Confusion cloaks my body when I'm struggling with SAD (and it's exactly what it sounds like ssssaaaaddd). I wander around the house in circles, picking up and putting down the same kitchen towel, moving it 3 inches everytime. I walk in a circle around the house, pick up one item, put it away. And then I'm back at the towel, picking it up and moving it just a bit. The towel looks funny where it is but I walk back around the house and see something else that catches my interest or piques bother. And so it goes.
Running errands can be just as bad. Walking down an aisle, I stop at an item on my list, and I'm plagued with doubt. When I'm getting enough sunlight and greeness in my life, I would just pick it up and move on. But the clouds of winter muddy my mind and I stand staring at the pretzels. "Is $2.89 too much to pay on pretzels?" (I've done it many, many times before without thought.) "Would the kids like a different pretzel this time? Why not just get the ones you usually get?" I leave without any pretzels. I glance down the cracker aisle. I don't have the strength and walk on. "They can eat oranges," I think.

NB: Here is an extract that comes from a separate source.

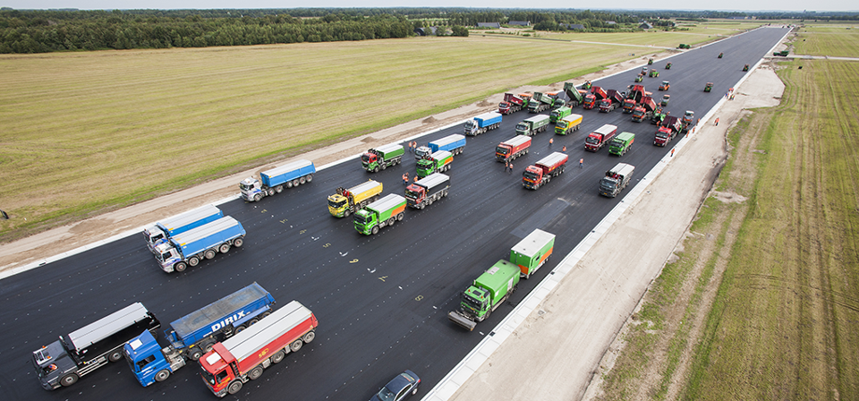 Eind augustus kreeg de nieuwe baan op Volkel zijn gezicht. 9 asfaltmachines voorzagen het traject gelijktijdig van een deklaag. Daadoor ontstond een naadloos oppervlak. De hoofdbaan van het F-16-veld wordt sinds mei gerenoveerd. De nieuwe fundering is gemaakt van deels gerecycled materiaal van de oude baan. Naar verwachting zijn alle werkzaamheden in november afgerond. Foto: sergeant-majoor Arnoud Schoor

Earlier this week I took decisive action and asked my doctor for a low dose of antidepressant. I don't love taking medications. I try to live in a way that I'm healthy enough not to need them. But I realize sometimes I do need them. And so I'll take a little white pill for the next 3 months. I'll order that sun lamp I mean to buy each year and sit by it, soaking in the nourishing light.
Each week, I'll watch out my window in hopes that I will see new green shoots. I'll watch the forecast. I will lace up my running shoes and run in the dark, dark cold morning. I will watch each morning for the soft glowing outline of the eastern mountain peeks.